As alluded to by fl034, this can be simplified some with Swift 4 where an error checked version looks like:

let foo = entries     .map { $0.components(separatedBy: "=") }     .reduce(into: [String:Int64]()) { dict, pair in         if pair.count == 2, let value = Int64(pair[1]) {             dict[pair[0]] = value         }     } 

Even simpler if you don't want the values as Ints:

let foo = entries     .map { $0.components(separatedBy: "=") }     .reduce(into: [String:String]()) { dict, pair in         if pair.count == 2 {             dict[pair[0]] = pair[1]         }     } 

Older TL;DR

Minus error checking, it looks pretty much like:

let foo = entries.map({ $0.componentsSeparatedByString("=") })     .reduce([String:Int]()) { acc, comps in         var ret = acc         ret[comps[0]] = Int(comps[1])         return ret     } 

Use map to turn the [String] into a split up [[String]] and then build the dictionary of [String:Int] from that using reduce.
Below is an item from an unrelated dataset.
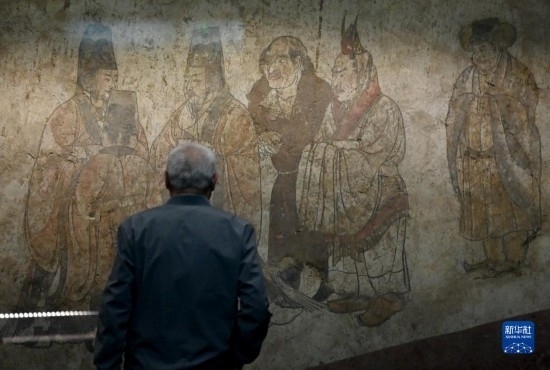 5月11日,游客在陜西歷史博物館內(nèi)觀看唐章懷太子墓《客使圖》?!犊褪箞D》描繪的是唐代外交機(jī)構(gòu)鴻臚寺官員接待外國使節(jié)的場(chǎng)景。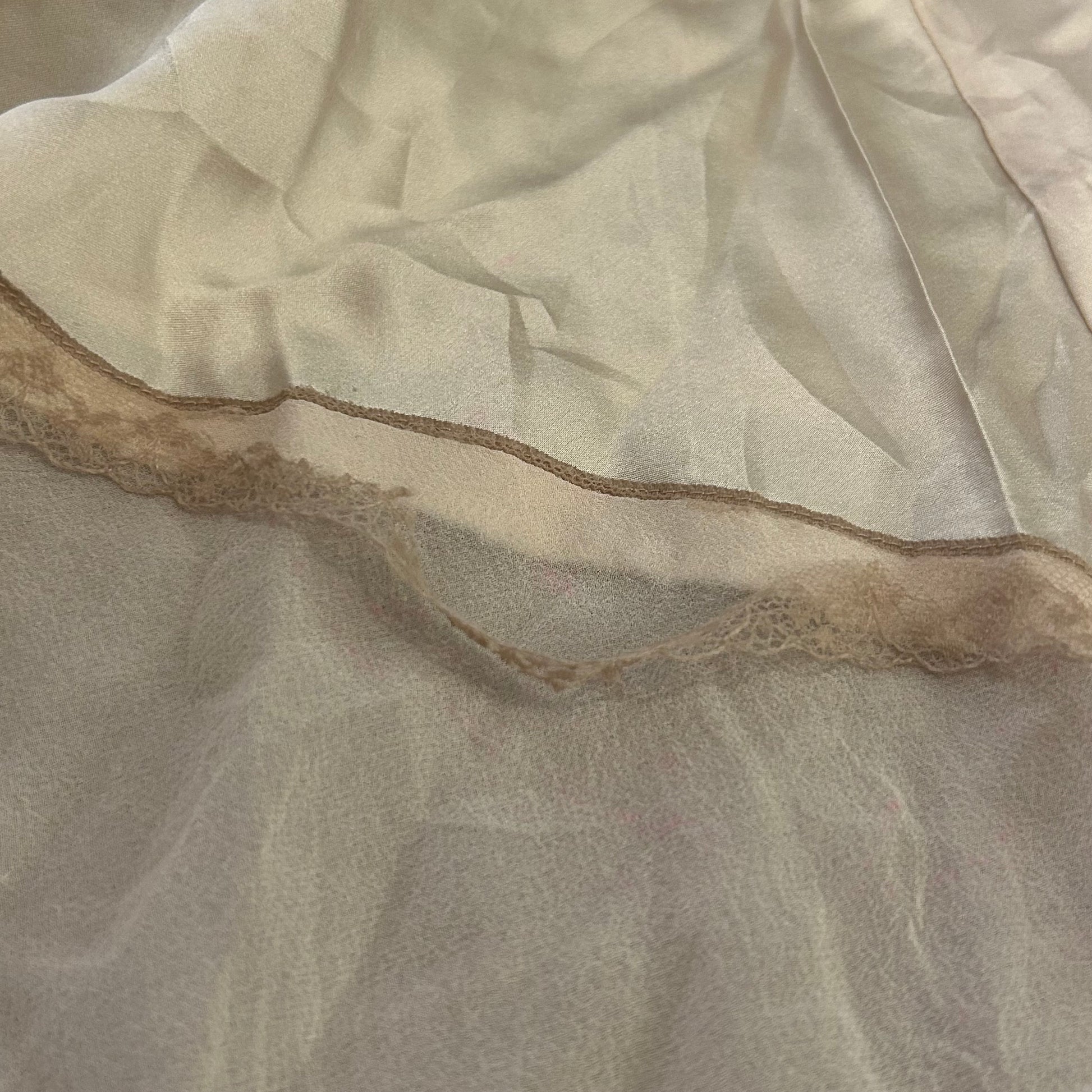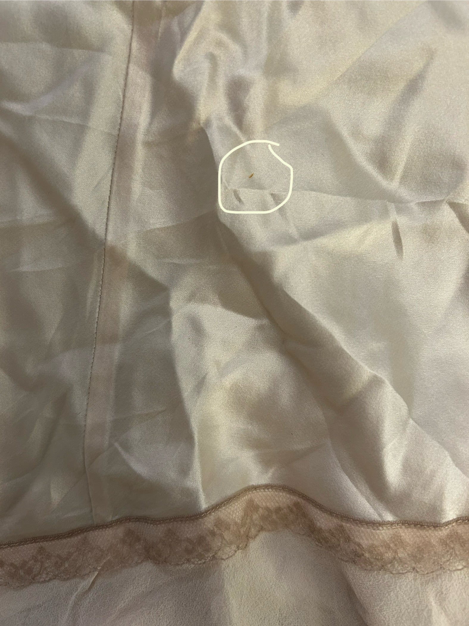 - Condition: Good; very faint pink pen marks on the back; some rust stains near metal hardware; lace trim detail on the back has come undone in one part (see picture)

Or, by adding an extension to Dictionary:

extension Dictionary {     init(elements:[(Key, Value)]) {         self.init()         for (key, value) in elements {             updateValue(value, forKey: key)         }     } } 

(Quite a useful extension btw, you can use it for a lot of map/filter operations on Dictionaries, really kind of a shame it doesn't exist by default)

It becomes even simpler:

let dict = Dictionary(elements: entries     .map({ $0.componentsSeparatedByString("=") })     .map({ ($0[0], Int($0[1])!)}) ) 

Of course, you can also combine the two map calls, but I prefer to break up the individual transforms.

If you want to add some error checking, flatMap can be used instead of map:

let dict2 = [String:Int](elements: entries     .map({ $0.componentsSeparatedByString("=") })     .flatMap({         if $0.count == 2, let value = Int($0[1]) {             return ($0[0], value)         } else {             return nil         }}) ) 

Again, if you want, you can obviously merge the map into the flatMap or split them for simplicity.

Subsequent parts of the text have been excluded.